#### [Activity]
Please print the listing that follows word for word, but skip any pictures it holds.

#### [Data block]
============

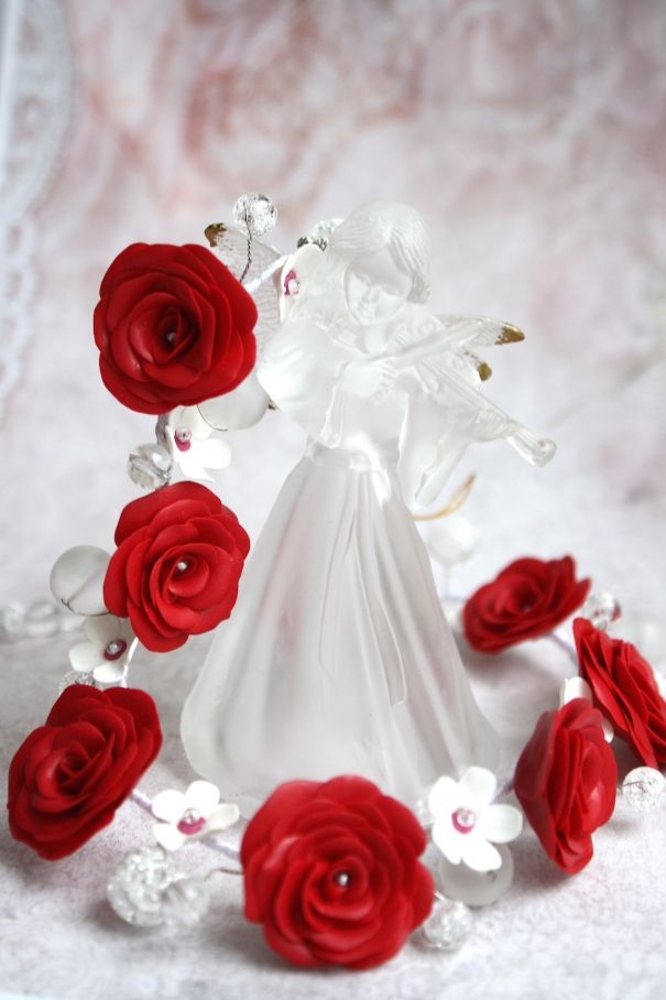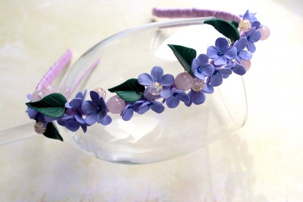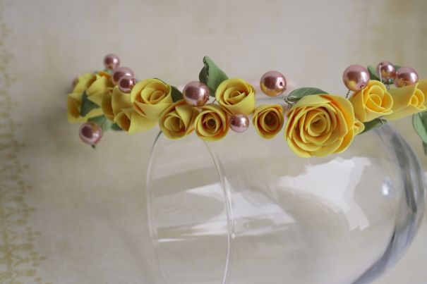 Я пробовала делать все виды женских украшений. Здесь — ободок с бутонами роз и жемчугом из чешского стекла
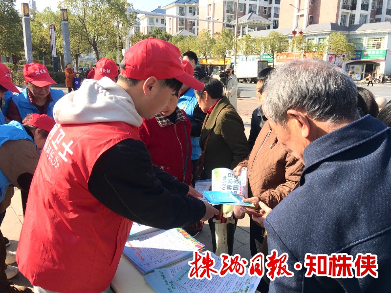 圖2、向路人發(fā)送宣傳資料。周新文 供圖
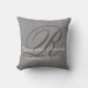 Coussin fait sur commande personnalisé de cadeau de mariage. Le regard de toile gris rustique avec le monogramme blanc, les noms de jeunes mariés et la date de mariage dans une police de manuscrit au-dessus de conception sur une photo de toile grise IMPRIMÉE effectuent l'arrière - plan. Elke Clarke© pour MonogramGallery chez Zazzle. Fait un grand cadeau pour des nouveaux mariés. Grand accessoire à la mode et élégant pour votre chambre à coucher, chaise préférée, en tant que le décor de maison d'amusement dans votre chambre familiale ou addition décorative formelle à votre salon. Customisez avec vos noms, initiale de monogramme et date de mariage.

============

#### [Solution for this task]
 Я пробовала делать все виды женских украшений. Здесь — ободок с бутонами роз и жемчугом из чешского стекла
 圖2、向路人發(fā)送宣傳資料。周新文 供圖
 Coussin fait sur commande personnalisé de cadeau de mariage. Le regard de toile gris rustique avec le monogramme blanc, les noms de jeunes mariés et la date de mariage dans une police de manuscrit au-dessus de conception sur une photo de toile grise IMPRIMÉE effectuent l'arrière - plan. Elke Clarke© pour MonogramGallery chez Zazzle. Fait un grand cadeau pour des nouveaux mariés. Grand accessoire à la mode et élégant pour votre chambre à coucher, chaise préférée, en tant que le décor de maison d'amusement dans votre chambre familiale ou addition décorative formelle à votre salon. Customisez avec vos noms, initiale de monogramme et date de mariage.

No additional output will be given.